Ambassador of Russia to Ireland
- Incumbent
- Assumed office 26 July 2017
- President: Vladimir Putin
- Preceded by: Maksim Peshkov [ru]

Director of the State Protocol Department of the Russian Ministry of Foreign Affairs
- In office 14 June 2011 – 2017
- Preceded by: Boris Marchuk [ru]
- Succeeded by: Igor Bogdashev [ru]

Ambassador of Russia to Chile
- In office 3 June 2005 – 8 June 2011
- Preceded by: Vladimir Chkhikvadze [ru]
- Succeeded by: Mikhail Orlovets [ru]

Personal details
- Born: 9 December 1957 (age 68)
- Alma mater: Moscow State Institute of International Relations
- Awards: Order of Friendship Medal of the Order "For Merit to the Fatherland" Second Class

= Yury Anatoliyevich Filatov =

Russian ambassador to Ireland

Yury Anatoliyevich Filatov (Russian: Юрий Анатольевич Филатов; born 9 December 1957) is a Russian diplomat. He has served as the ambassador to Chile between 2005 and 2011, director of the State Protocol Department of the Russian Ministry of Foreign Affairs between 2011 and 2017, and as the incumbent Russian ambassador to Ireland since 2017.

==Early career==
Filatov was born on 9 December 1957, and graduated from the Moscow State Institute of International Relations in 1979. His first assignment, from 1979 until 1981, was to the Soviet embassy in Washington. He returned there for a second posting between 1985 and 1989, and for a third time after the dissolution of the Soviet Union in 1991, between 1994 and 1999. He had by this time moved from working for the Soviet Ministry of Foreign Affairs to its Russian successor. He was deputy director of the Ministry of Foreign Affairs's North America Department between 2000 and 2002, and then Minister-Counselor of the Russian embassy in Canada from 2002 until 2005.

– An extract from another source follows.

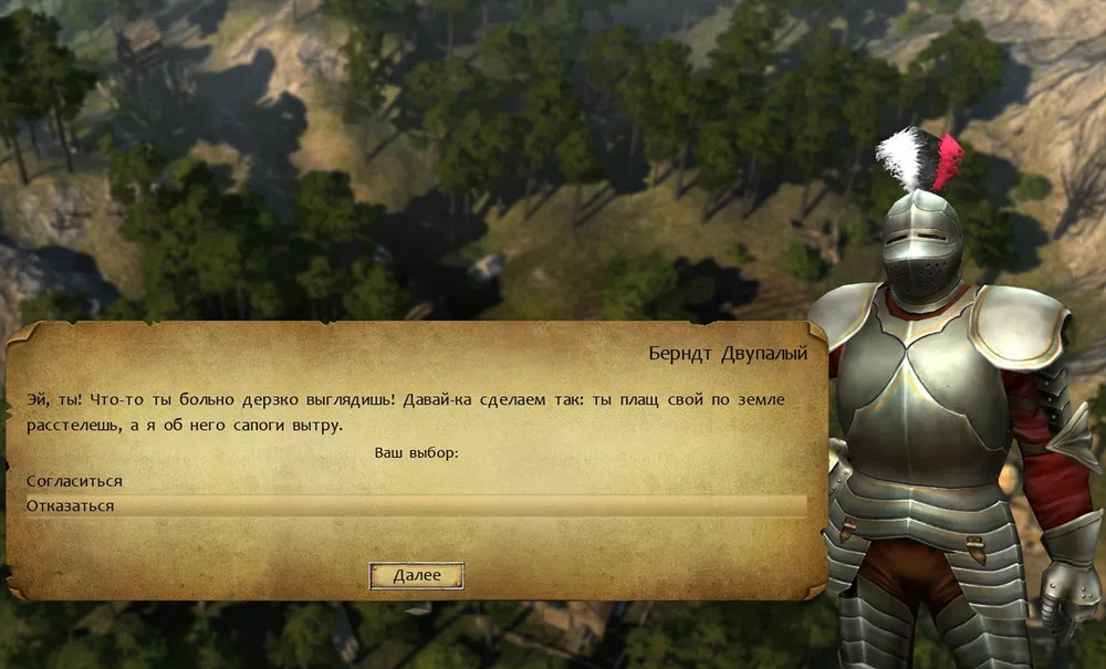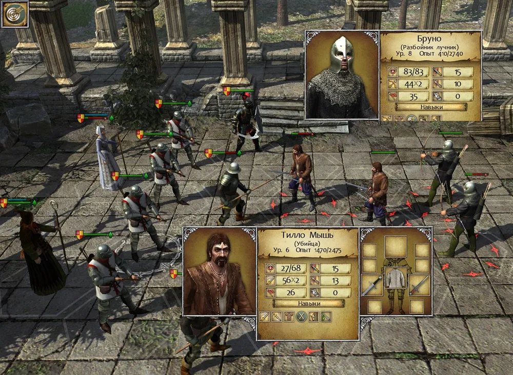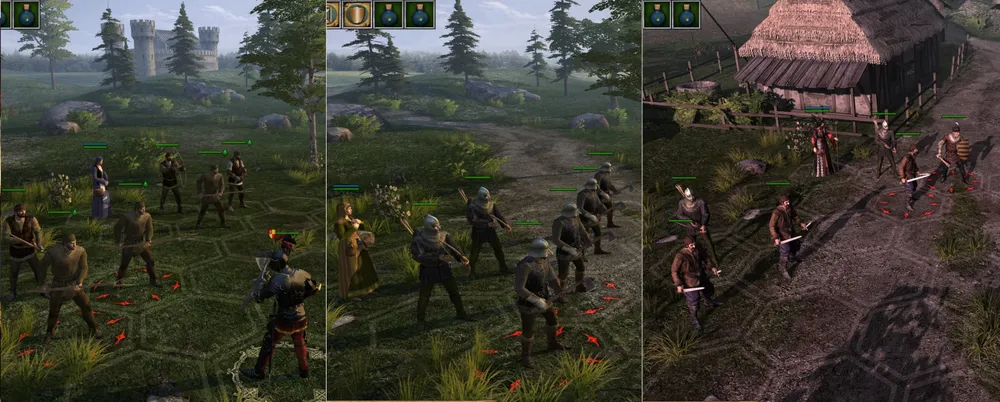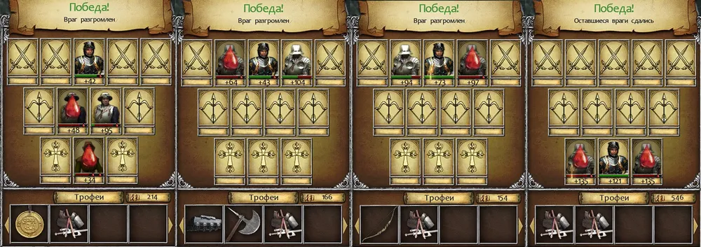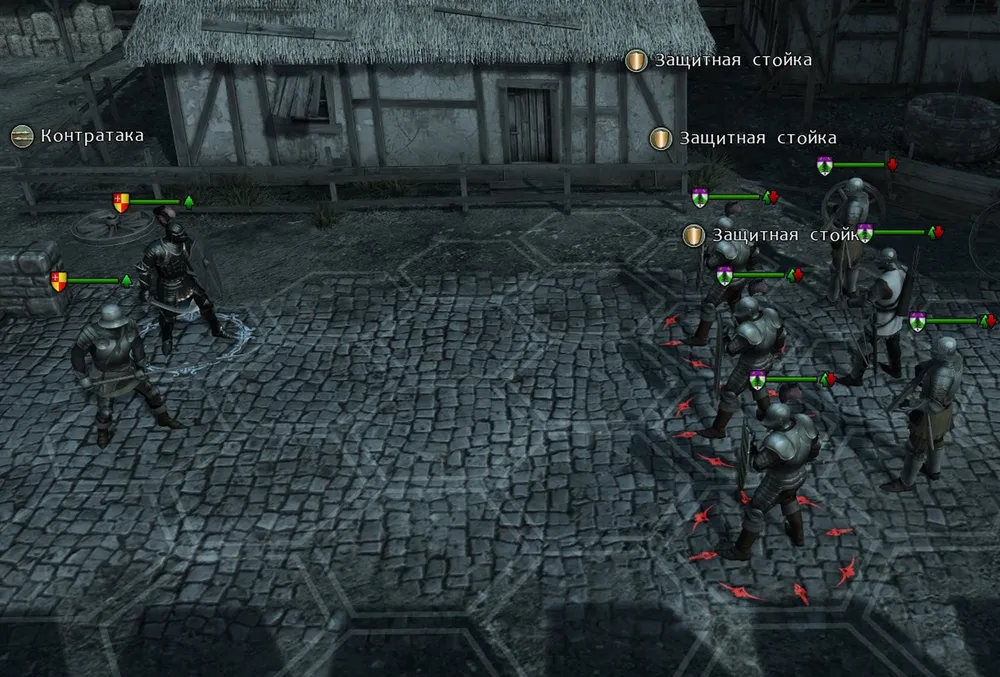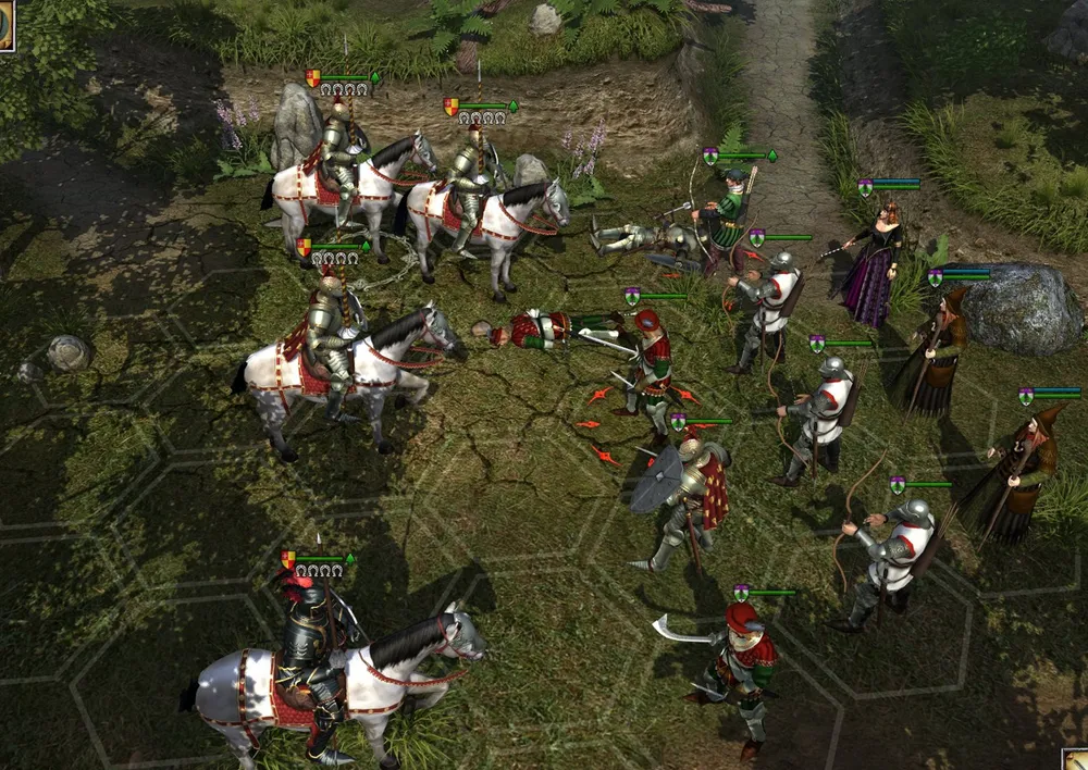 Рыцарь вынужден принимать лечебное зелье и пропускает ход; пикинёра добивают стрелки. К тому моменту, как рыцарь справляется с врагами ближнего боя, он остаётся в одиночестве. Стрелки врага довершают начатое. Что я только ни делал: менял позиции, ставя пикинёров рядом друг с другом; применял зелья усиления ударов – враг атаковал настолько искусно, что создавалось полное впечатление о противостоянии живому противнику: каждый раз его тактика была разной; с неизменным результатом. С большим трудом победить удалось только ночью; и, разумеется, арбалетчик и лучник сбежали. Тьфу! (Вообще, побеги и сдача врагов в плен – непрекращающийся источник крайнего раздражения. Тем более, что уходят от возмездия, как правило, самые зловредные враги.)
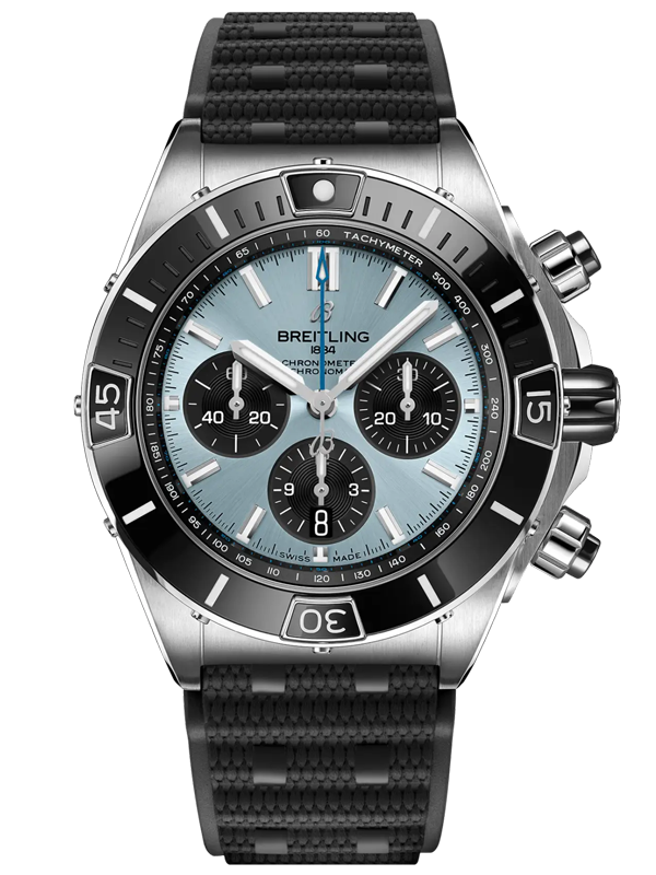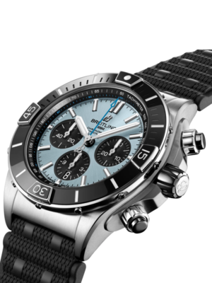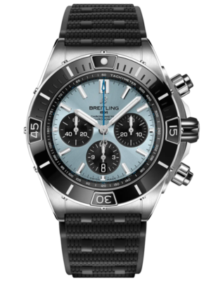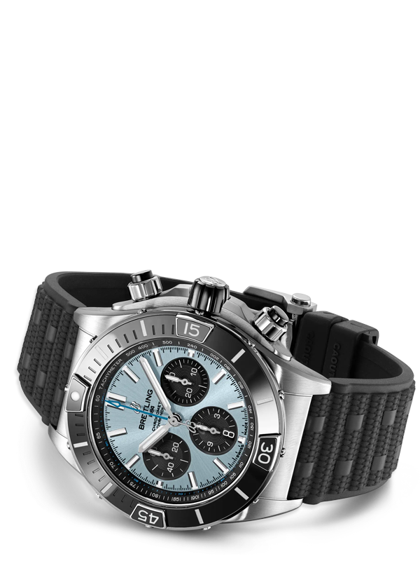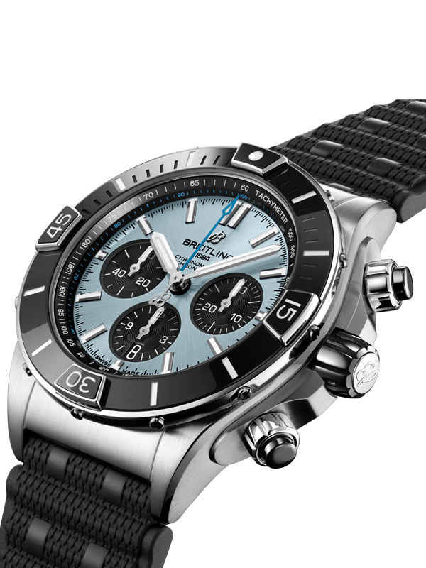 €527.08 x 24 άτοκες Το υπερτροφοδοτημένο ρολόι της Breitling για κάθε σου πρόκληση. Εμπνευσμένο από το αυθεντικό μοντέλο της δεκαετίας του 1980 που δημιούργησε η Breitling για την εμβληματική ακροβατική ομάδα Frecce Tricolori, το Super Chronomat είναι το πιο τολμηρό ρολόι της οικογένειας Chronomat. Διατίθεται σε διάφορους χρωματικούς και μεταλλικούς συνδυασμούς (ανοξείδωτο ατσάλι, 18k κόκκινο χρυσό και πλατίνα) και διαθέτει κεραμικά ένθετα στη στεφάνη, στα μπουτόν του χρονογράφου και στην κορώνα. Επιλέξτε ανάμεσα στο εμβληματικό μεταλλικό μπρασελέ Rouleaux ή σε λουράκι από καουτσούκ εμπνευσμένο από το Rouleaux, με αναδιπλούμενο κούμπωμα. Το Super Chronomat B01 44 κινείται από τον μηχανισμό Breitling Manufacture Calibre 01, πιστοποιημένο χρονογράφο COSC.

On 3 June 2005, Filatov was appointed ambassador of Russia to Chile, a post he held until 8 June 2011. On his return to Russia he became head of the ministry's State Protocol Department. He held this position until his appointment on 26 July 2017 to be ambassador to Ireland.

==Ambassador to Ireland==
===Skripal affair===

As a result of the Skripal affair, Simon Coveney informed the ambassador that "the accreditation of a member of his staff with diplomatic status is to be terminated". The ambassador appeared on Claire Byrne Live and said that Ireland should put its own interests first, not those of another country and also said:

"The only thing I know for sure, from the onset of the whole incident on 4 March in Salisbury – the British Government has moved away from dealing with that in a responsible manner. So, they preferred to wage a propaganda campaign, unprecedented, surely."

===2022 Russian military exercise controversy===

During the controversy Ambassador Filatov met with members of the Irish South and West Fish Producers Organisation.

===Russo-Ukrainian crisis===

On 2 February 2022, Mr Filatov explained to an Oireachtas committee that there was an "almost daily drumbeat of so-called imminent Russian invasion of Ukraine" and stated there were no facts to support the invasion "fantasy". He said "The most pressing issue facing Russia, Europe and beyond is the threat to Russian national security resulting from the eastward expansion of NATO" and this "is unacceptable behaviour and has to be dealt with".

In an interview on 16 February 2022 with Prime Time Mr Filatov believed the idea that Russia would invade Ukraine was "insane". He dismissed the suggestion that stationing Russian troops around borders with Ukraine was an act of aggression or that Russia planned on invading Ukraine at that time. He said "We do not have any political, economic, military or [any] other reason to do that. The whole idea is insane. If you knew something about the Russian and Ukrainian people you would never ask such a question". He said the troops would have returned to normal duties in about three to four weeks.

On 24 February 2022, Russia invaded Ukraine. On 25 February 2022 Mr Filatov was questioned during an interview by David McCullagh on RTÉ News: Six One TV show, in which he claimed that the war was started by the Ukrainian government.

On 29 March 2022 Mr Filatov was summoned to the Irish Department of Foreign Affairs and told of a decision to expel four senior diplomats from the Russian embassy, not including himself though. Mr Filatov did not object to this.

==Family and personal life==
Filatov has held the diplomatic rank of Ambassador Extraordinary and Plenipotentiary since 2014. He was awarded the Order of Friendship in 2023, and the Medal of the Order "For Merit to the Fatherland" second class in 2013. In addition to his native Russian, Filatov speaks English and Spanish. He is widower, with a son and a daughter.